* Data to examine
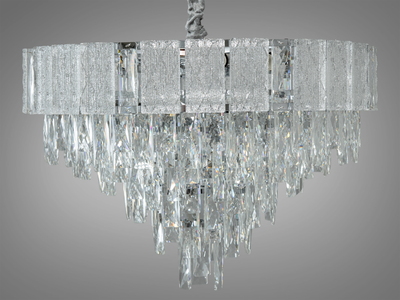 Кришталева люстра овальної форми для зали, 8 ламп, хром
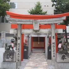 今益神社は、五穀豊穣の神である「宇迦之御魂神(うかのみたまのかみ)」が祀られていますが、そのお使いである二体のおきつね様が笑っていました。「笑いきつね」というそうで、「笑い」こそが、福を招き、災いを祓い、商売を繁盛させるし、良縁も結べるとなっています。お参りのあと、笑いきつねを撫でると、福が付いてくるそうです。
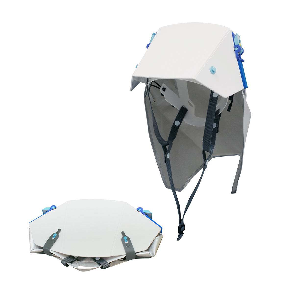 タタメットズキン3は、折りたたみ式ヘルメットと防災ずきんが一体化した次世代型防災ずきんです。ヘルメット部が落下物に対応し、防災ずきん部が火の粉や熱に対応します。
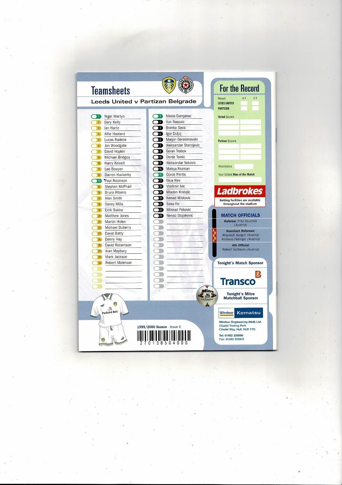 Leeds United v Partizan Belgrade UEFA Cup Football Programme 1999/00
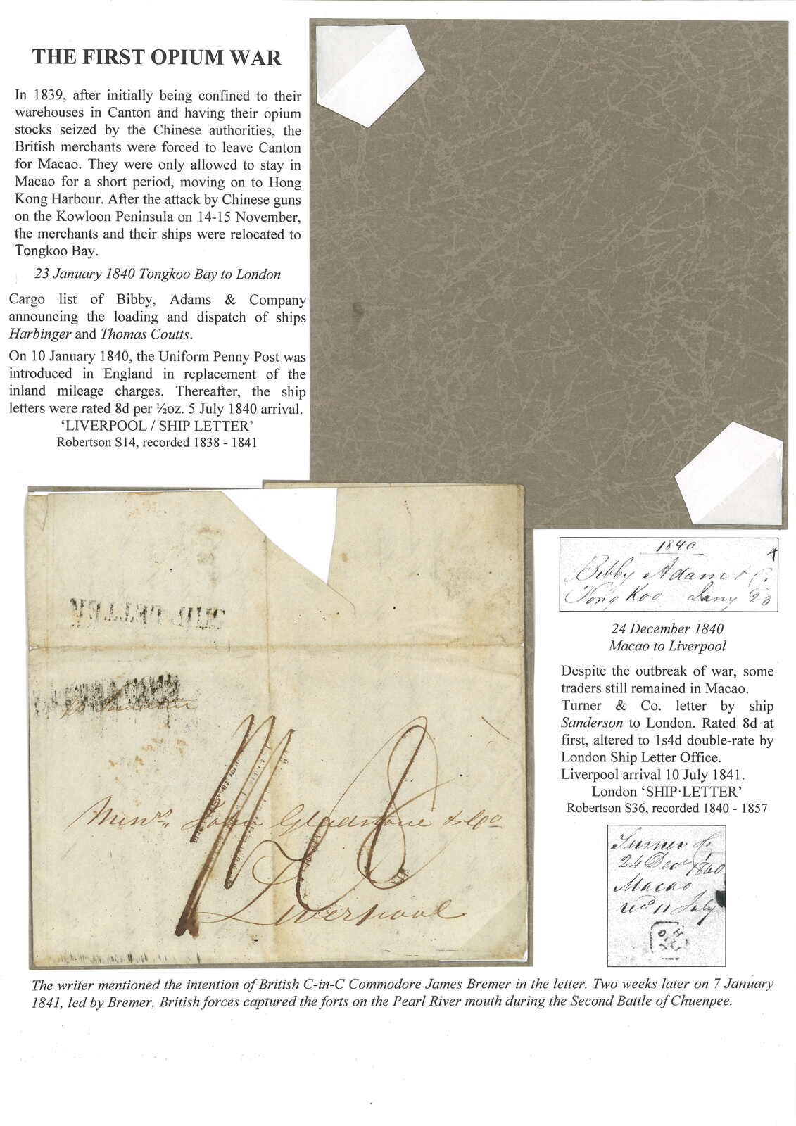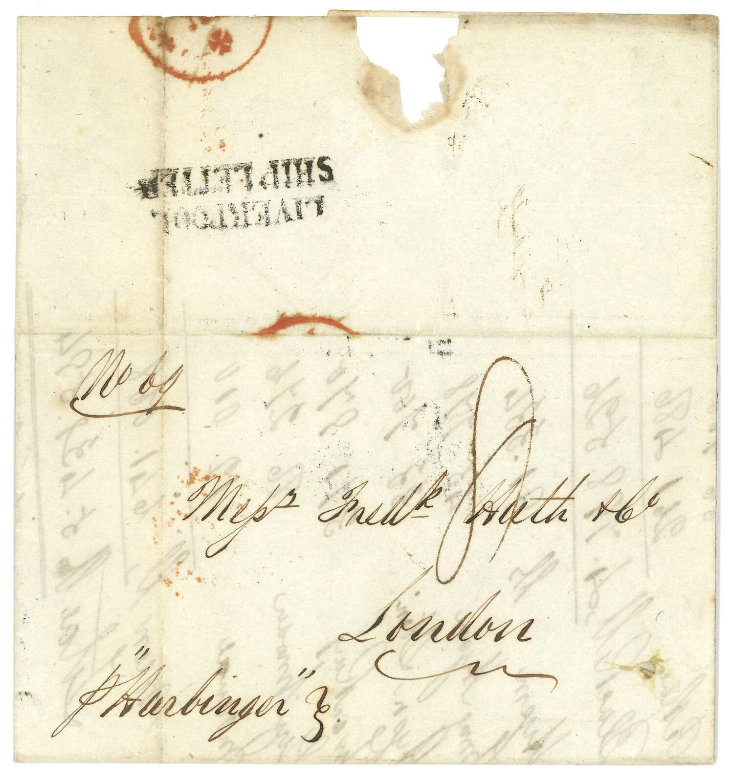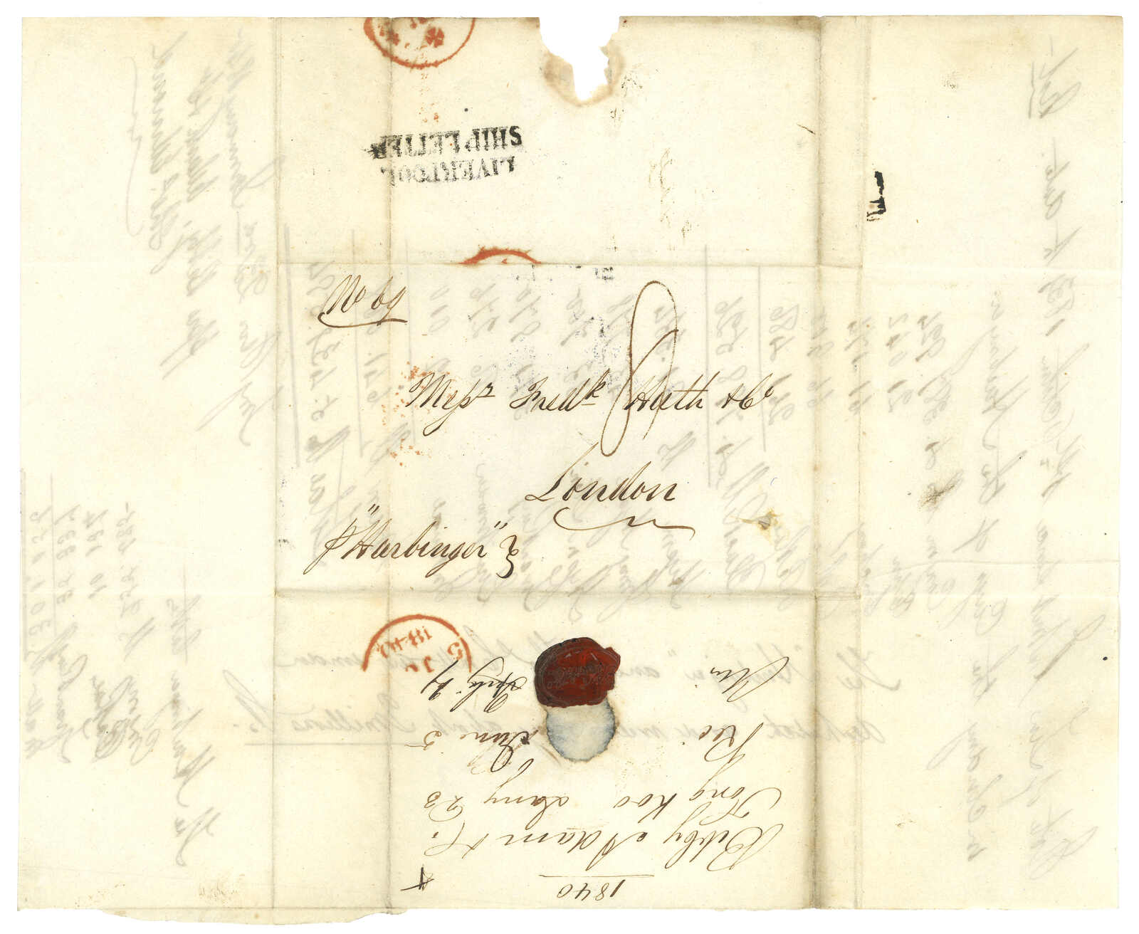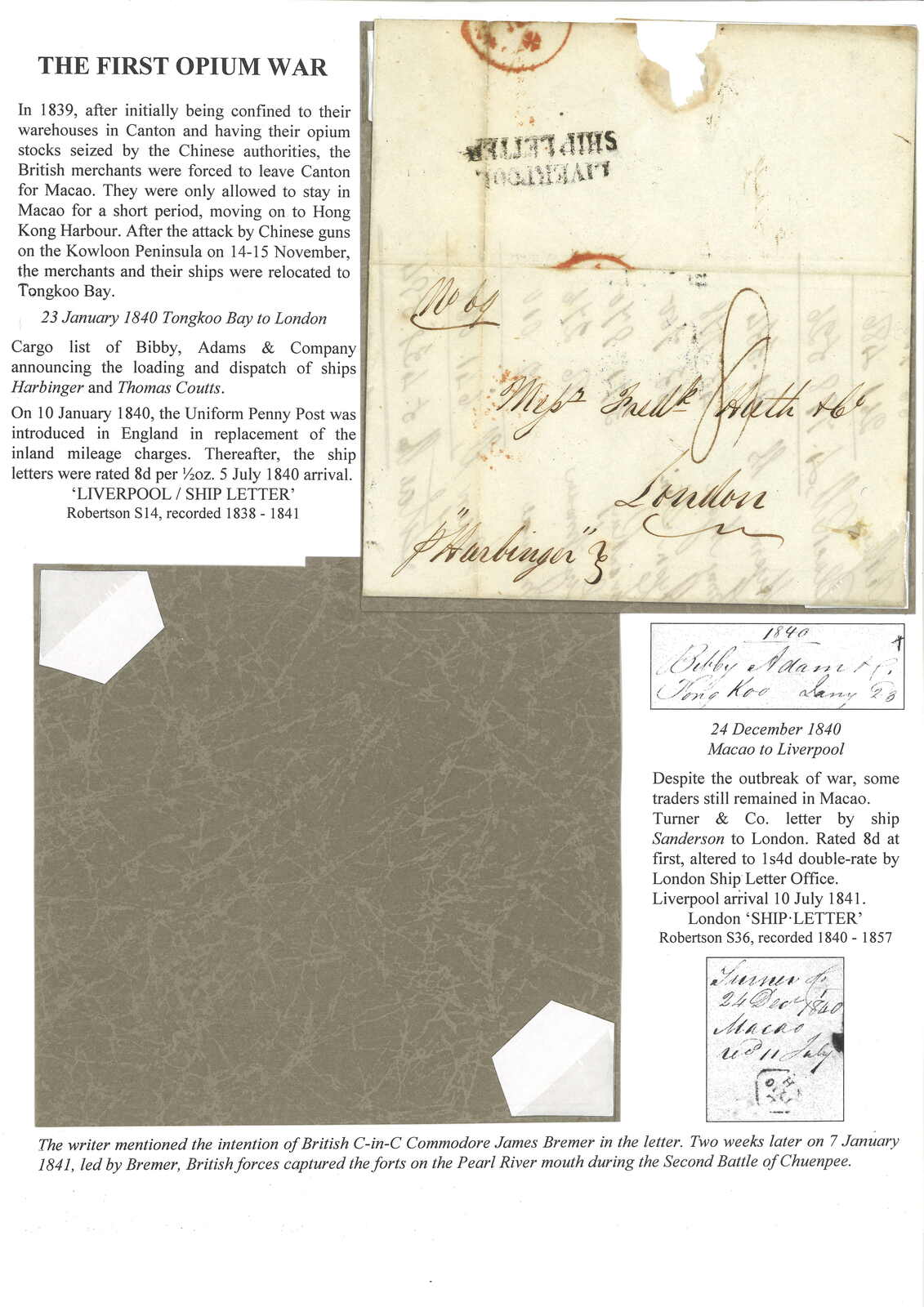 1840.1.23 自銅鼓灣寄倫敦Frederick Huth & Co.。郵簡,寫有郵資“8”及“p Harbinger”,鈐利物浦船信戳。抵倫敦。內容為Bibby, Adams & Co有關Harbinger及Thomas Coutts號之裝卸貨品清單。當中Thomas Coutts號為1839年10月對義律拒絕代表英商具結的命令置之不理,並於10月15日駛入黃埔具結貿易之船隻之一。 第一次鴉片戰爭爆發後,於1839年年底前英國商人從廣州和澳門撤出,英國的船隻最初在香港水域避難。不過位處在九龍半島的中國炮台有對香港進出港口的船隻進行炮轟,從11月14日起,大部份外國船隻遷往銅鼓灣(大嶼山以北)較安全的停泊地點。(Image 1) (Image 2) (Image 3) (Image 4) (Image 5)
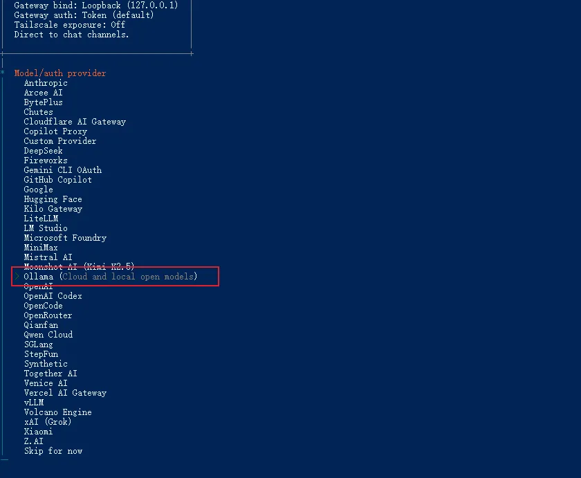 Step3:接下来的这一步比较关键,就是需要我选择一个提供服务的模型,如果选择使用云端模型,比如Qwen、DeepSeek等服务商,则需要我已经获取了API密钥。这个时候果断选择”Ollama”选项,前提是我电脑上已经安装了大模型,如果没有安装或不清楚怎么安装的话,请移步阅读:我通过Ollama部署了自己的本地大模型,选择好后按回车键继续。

* Task description
Print every line of the listing exactly, please, and leave the images out.

* Solution
 Кришталева люстра овальної форми для зали, 8 ламп, хром
 今益神社は、五穀豊穣の神である「宇迦之御魂神(うかのみたまのかみ)」が祀られていますが、そのお使いである二体のおきつね様が笑っていました。「笑いきつね」というそうで、「笑い」こそが、福を招き、災いを祓い、商売を繁盛させるし、良縁も結べるとなっています。お参りのあと、笑いきつねを撫でると、福が付いてくるそうです。
 タタメットズキン3は、折りたたみ式ヘルメットと防災ずきんが一体化した次世代型防災ずきんです。ヘルメット部が落下物に対応し、防災ずきん部が火の粉や熱に対応します。
 Leeds United v Partizan Belgrade UEFA Cup Football Programme 1999/00
 1840.1.23 自銅鼓灣寄倫敦Frederick Huth & Co.。郵簡,寫有郵資“8”及“p Harbinger”,鈐利物浦船信戳。抵倫敦。內容為Bibby, Adams & Co有關Harbinger及Thomas Coutts號之裝卸貨品清單。當中Thomas Coutts號為1839年10月對義律拒絕代表英商具結的命令置之不理,並於10月15日駛入黃埔具結貿易之船隻之一。 第一次鴉片戰爭爆發後,於1839年年底前英國商人從廣州和澳門撤出,英國的船隻最初在香港水域避難。不過位處在九龍半島的中國炮台有對香港進出港口的船隻進行炮轟,從11月14日起,大部份外國船隻遷往銅鼓灣(大嶼山以北)較安全的停泊地點。(Image 1) (Image 2) (Image 3) (Image 4) (Image 5)
 Step3:接下来的这一步比较关键,就是需要我选择一个提供服务的模型,如果选择使用云端模型,比如Qwen、DeepSeek等服务商,则需要我已经获取了API密钥。这个时候果断选择”Ollama”选项,前提是我电脑上已经安装了大模型,如果没有安装或不清楚怎么安装的话,请移步阅读:我通过Ollama部署了自己的本地大模型,选择好后按回车键继续。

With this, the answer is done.